New FDA guidance allows small studies in humans before phase I safety testing.(News)(investigational new drug studies)

Researchers now have a pathway for conducting early clinical testing of drugs in a small number of human subjects under new guidance from the Food and Drug Administration.

Officials at the FDA finalized guidance on exploratory investigational new drug (IND) studies which allows researchers to move forward with small human studies before beginning traditional phase I safety testing in humans. The guidance, published in January, makes recommendations on safety testing, manufacturing, and clinical approaches in these early studies.

The FDA also published draft guidance and a direct final rule last month that outlines new standards for the manufacture of drugs solely for use in phase I studies. The rule is aimed at making it easier for scientists to produce small quantities of drugs for small-scale, early-phase human testing.

"This is about saving lives and about building medicine's future," said Dr. Andrew von Eschenbach, acting FDA Commissioner of Food and Drugs.

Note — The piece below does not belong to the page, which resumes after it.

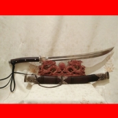 商品介绍:此极品大明护卫腰刀为户撒刀名匠杨茂芳全手工精心打制,刀匠制作工艺精湛,处理手法细腻,此刀刀型为大明护卫腰刀造型,长短适中,刀条精挑军用弹簧钢纯手工千锤百炼而成,独到配方淬火,宝刀鼎成,刀条刚柔相济,粗锋砍铁不伤, 细锋轻松过竹子,性能极佳,刀柄采用最为结实耐用的全龙骨制式,并尾端手工加钢,在野外还可当敲击使用!刀柄刀鞘精选缅甸黑酸枝,防开裂性极佳!刀鞘不仅手工包缅银,另加以最结实耐用的纯手工经缠棕丝,使得刀鞘更加坚固耐用。精良制作!此刀手感极好,欢迎大家选购!

Currently, less than 10% of IND applications for new molecular entities progress beyond the investigational stage, according to the FDA. These changes will remove some of the hurdles from very early drug development, Dr. von Eschenbach said during a media teleconference sponsored by the FDA.

But critics of the approach say it relaxes needed human subjects protections at a time when the safety of clinical trials is already being questioned.

In guidance on the exploratory IND, FDA officials outline their thinking that drug sponsors have not taken full advantage of the flexibility in the existing regulations and often provide more supporting information than is required for an exploratory IND.